> _Supplied data_
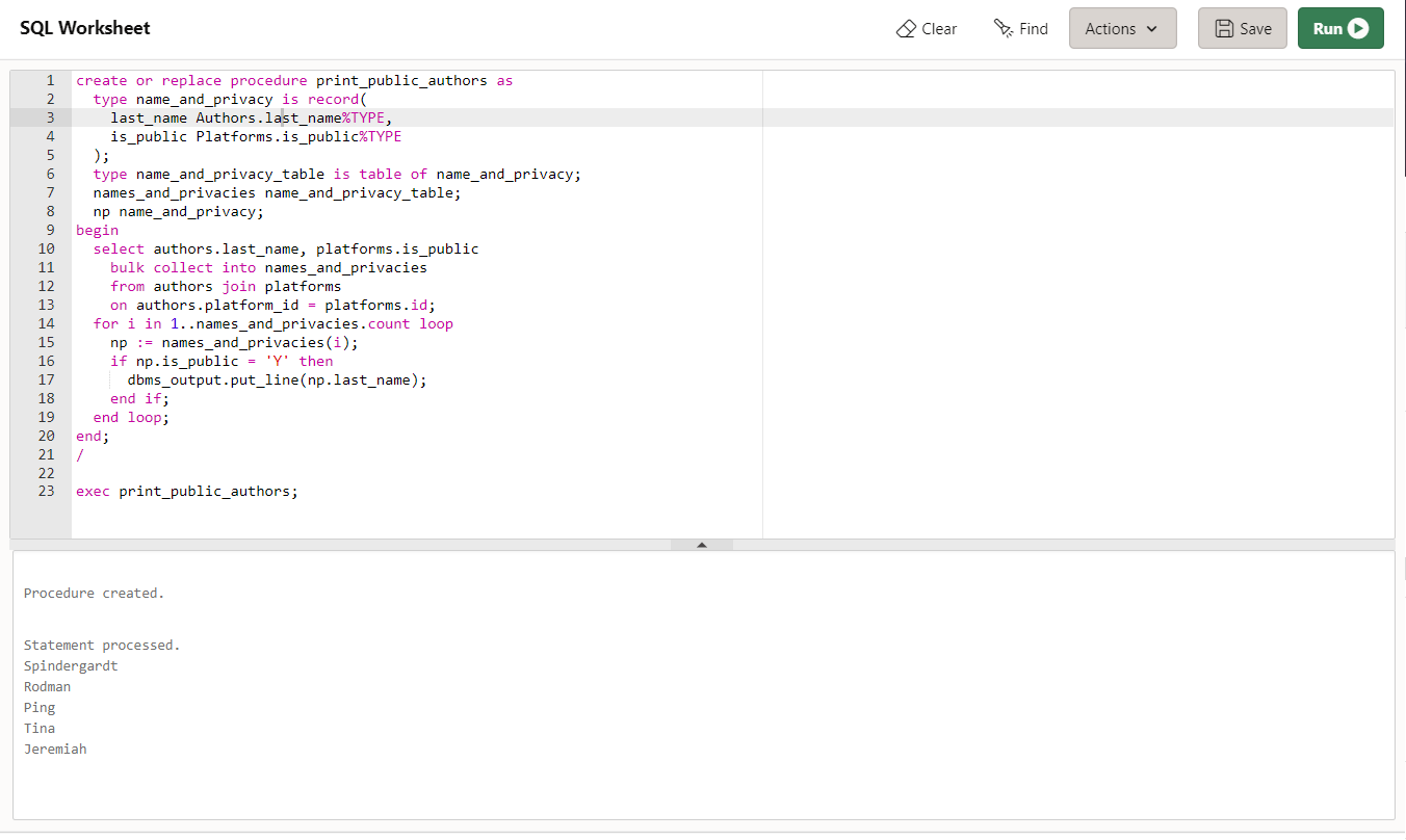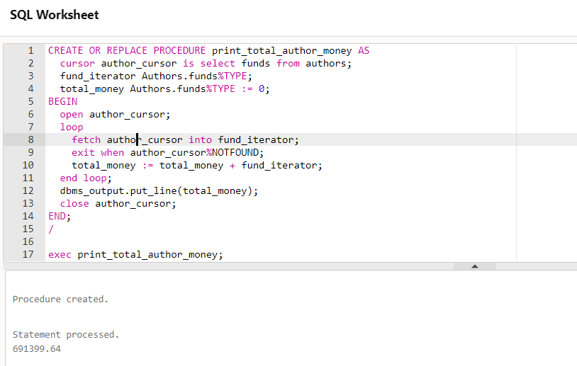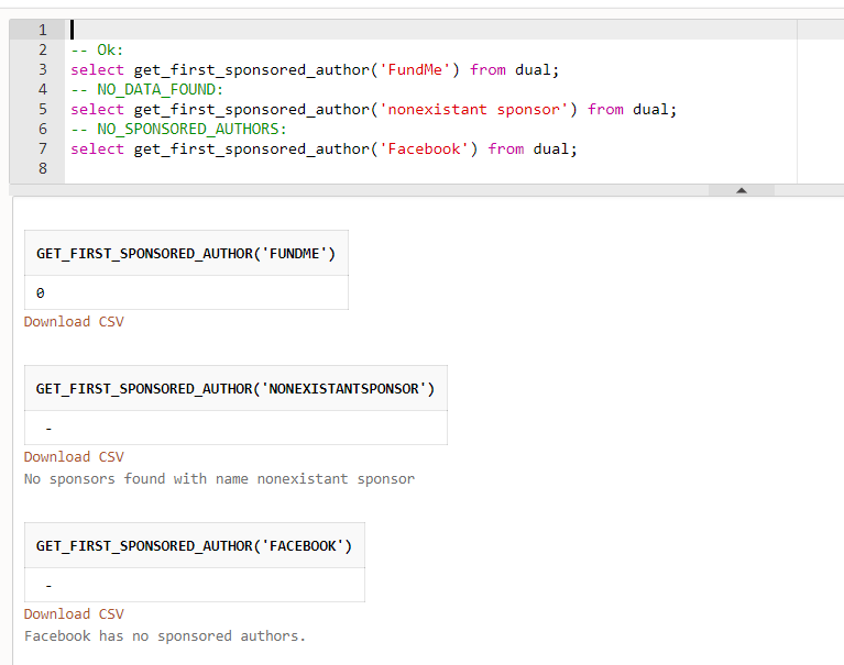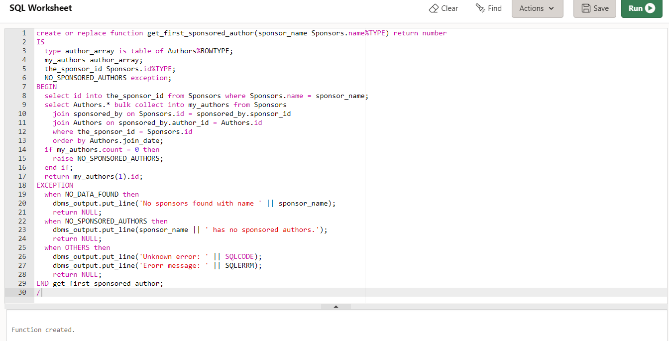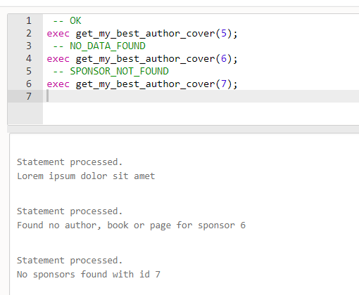 Am tratat exceptiile NO_DATA_FOUND si o exceptie cusotm NO_SPONSORED_AUTHORS.
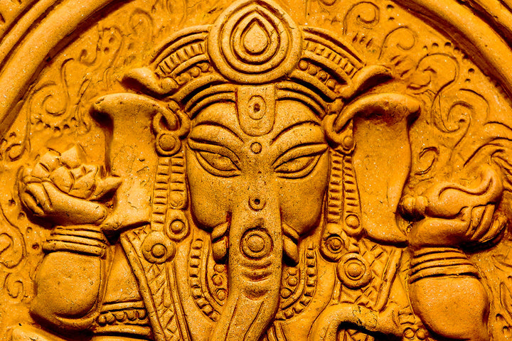 This Art Collectible: This lord Ganesha idol is made from Holy Ganges Clay, handcrafted and hand-painted. For longevity those craft items are burnt in a specific temperature and the selection of clay mud is also important, mostly collected from river beds. Each river has its unique soil and requires special care and processing, then only the final product becomes a signature and of course the cultural uniqueness is also prominent in each Indian folk art piece.
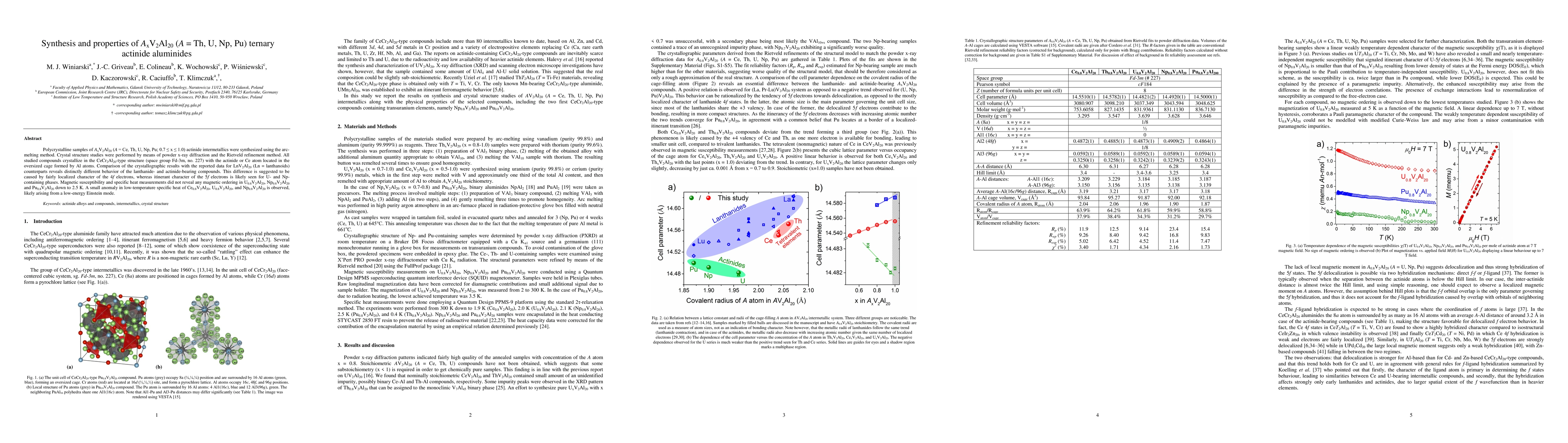 This study synthesizes A_xV_2Al_20 (A = Th, U, Np, Pu) actinide intermetallics using arc-melting, confirming they crystallize in a specific structure with actinide atoms in unique Al cages. Unlike lanthanide counterparts, actinide compounds show distinct behavior due to electron localization, with no magnetic ordering found in U, Np, and Pu-containing phases. Low-temperature specific heat anomalies hint at low-energy Einstein modes in some compounds.
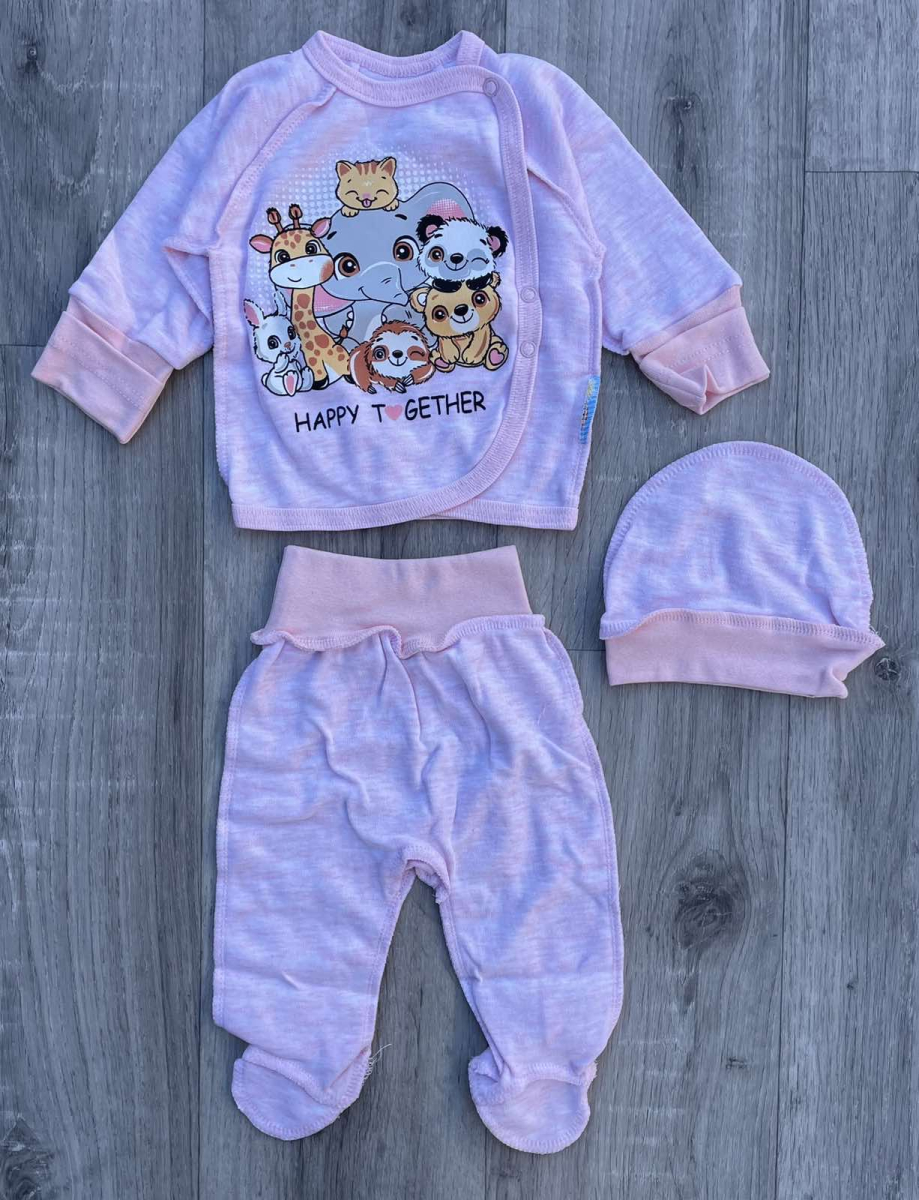 Комплект «Happy Together» розовый, девочка 0-3 месяцев оптом уп. - 4 шт.

> _The task_
Quote the full listing above word for word; exclude every picture from the copy.

> _Task response_
 Am tratat exceptiile NO_DATA_FOUND si o exceptie cusotm NO_SPONSORED_AUTHORS.
 This Art Collectible: This lord Ganesha idol is made from Holy Ganges Clay, handcrafted and hand-painted. For longevity those craft items are burnt in a specific temperature and the selection of clay mud is also important, mostly collected from river beds. Each river has its unique soil and requires special care and processing, then only the final product becomes a signature and of course the cultural uniqueness is also prominent in each Indian folk art piece.
 This study synthesizes A_xV_2Al_20 (A = Th, U, Np, Pu) actinide intermetallics using arc-melting, confirming they crystallize in a specific structure with actinide atoms in unique Al cages. Unlike lanthanide counterparts, actinide compounds show distinct behavior due to electron localization, with no magnetic ordering found in U, Np, and Pu-containing phases. Low-temperature specific heat anomalies hint at low-energy Einstein modes in some compounds.
 Комплект «Happy Together» розовый, девочка 0-3 месяцев оптом уп. - 4 шт.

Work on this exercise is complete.